Charles Santiago, chairperson of the Parliamentarians for Human Rights at the Association of Southeast Asian Nations, called the dissolution of the CNRP “the final nail in the coffin for Cambodian democracy.”

Mass arrests and violence against CNRP members followed. And with virtually no opposition, the CCP won a landslide in parliamentary elections of July 2018.

The country’s high court has become a rubber stamp, “widely known to be under the control of Hun Sen,” according to the United Kingdom’s Guardian newspaper.

A 2020 U.S. State Department report echoed the theme, stating that the “constitution provides for an independent judiciary, but the government did not respect judicial independence, exerting extensive control over the courts.”

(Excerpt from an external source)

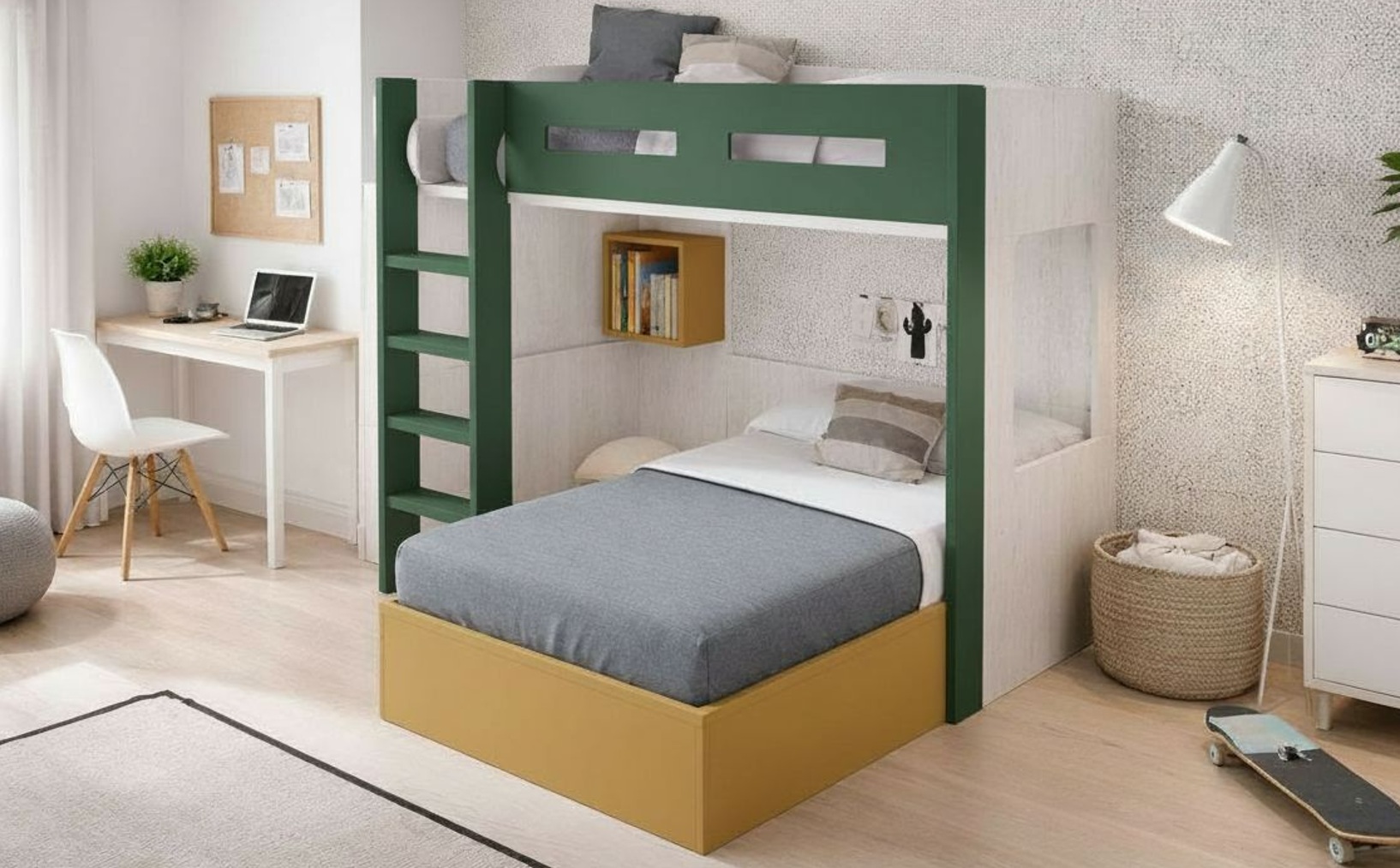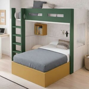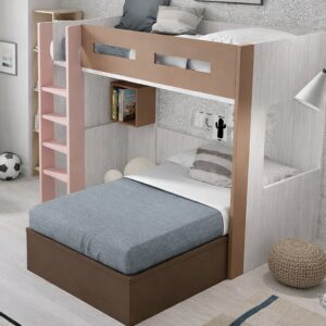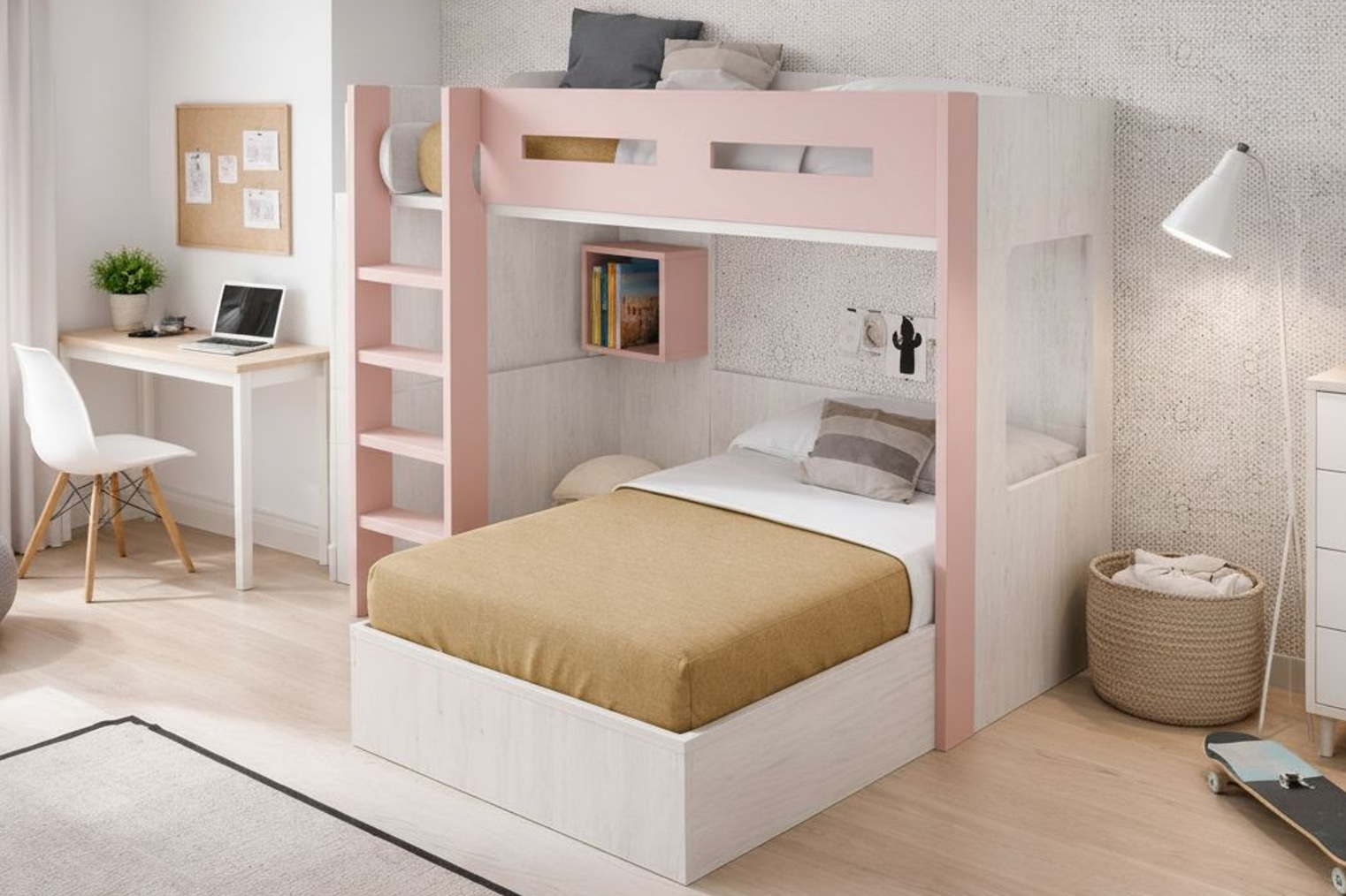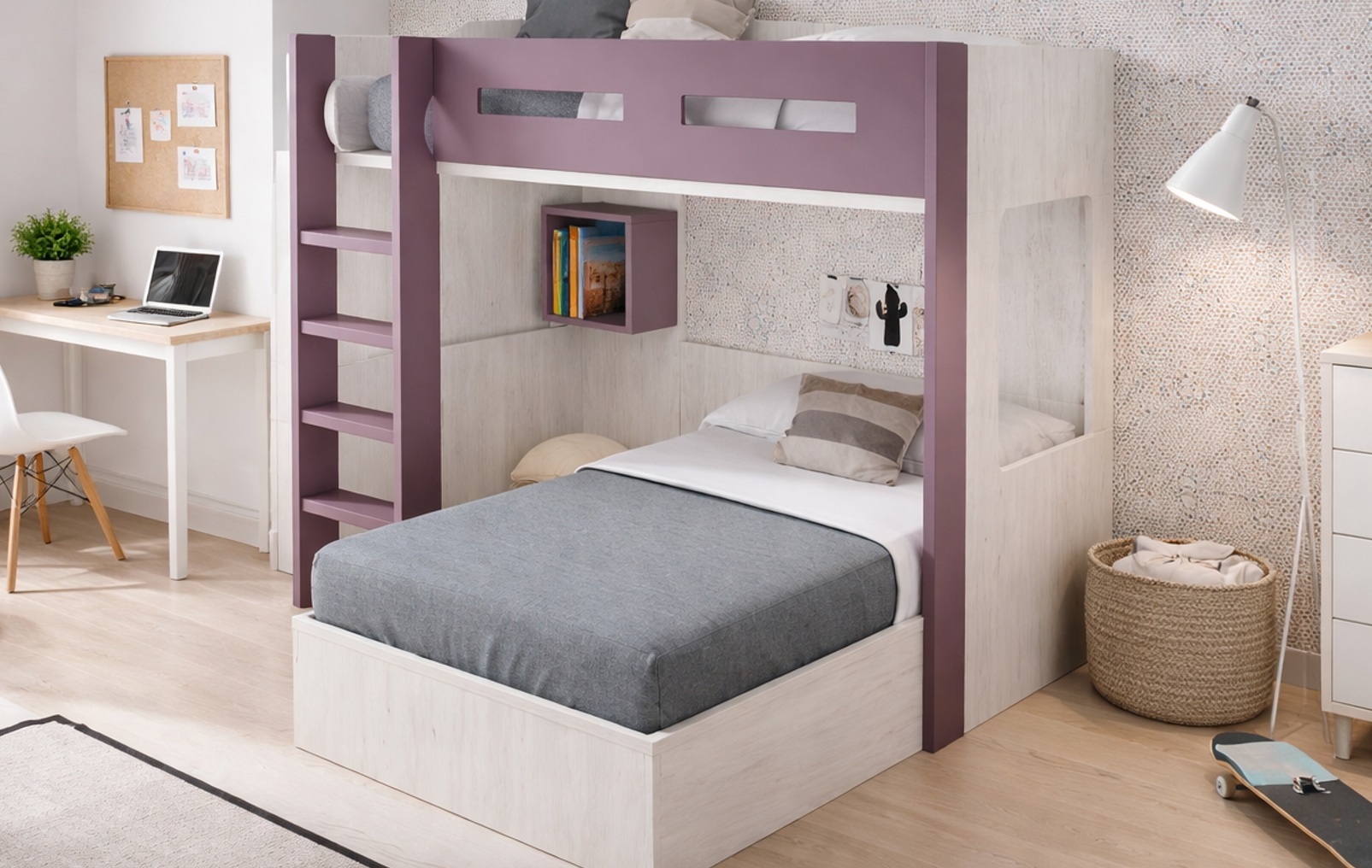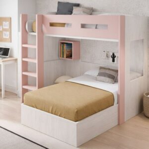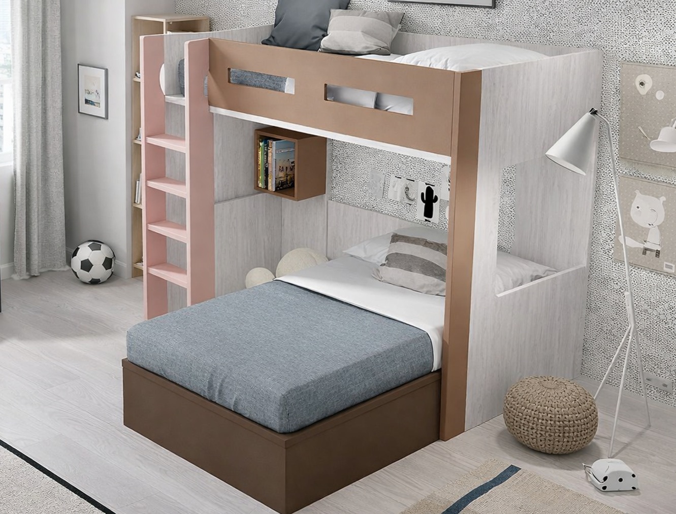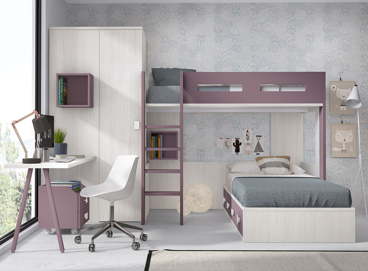 Fantástica litera en forma de L con un precioso diseño y una calidad excepcional, para colchones de 90×190 (no incluídos). Incluye escalera, baranda, cama canapé abatible inferior.

Regarding the courts and their role as a venue to protect ordinary Cambodians, the State Department found “there was impunity for government officials and family members for human rights abuses.”

Regular assaults on those affiliated with the CNRP go unpunished — the same for environmental and labor activists, who face regular persecution.

Earlier this month, U.N. human rights chief Michelle Bachelet expressed deep concern over “the impunity for attacks against political activists and human rights defenders” in Cambodia.

She noted a deterioration of civil and democratic space in the country, with a newly enacted COVID-19 law “leading to the curtailment of human rights and fundamental freedoms.”

Local and international rights groups have routinely reported on abuses, including a raft of measures to curtail free speech online and off.

In September, the U.S. House of Representatives passed the Cambodia Democracy Act of 2021, which “directs the President (Joe Biden) to impose sanctions on individuals responsible for acts to undermine democracy in Cambodia, including acts that constituted serious human rights violations.”

U.S. Congressman Alan Lowenthal tied that bill to Cambodia’s failures to live up to its commitments under the PPA.

“Despite repeated actions taken by both the United States and the international community, the authoritarian regime of Prime Minister Hun Sen continues to reject the democratic promises and processes he agreed to in the 1991 Paris Peace Accords,” Lowenthal said.

“From shuttering or co-opting the free press, to banishing political opponents, to eliminating free and fair elections and then repeatedly declaring himself the people’s choice, the Hun Sen regime continues to do everything in its power to destroy any hope of democracy in Cambodia,” he said.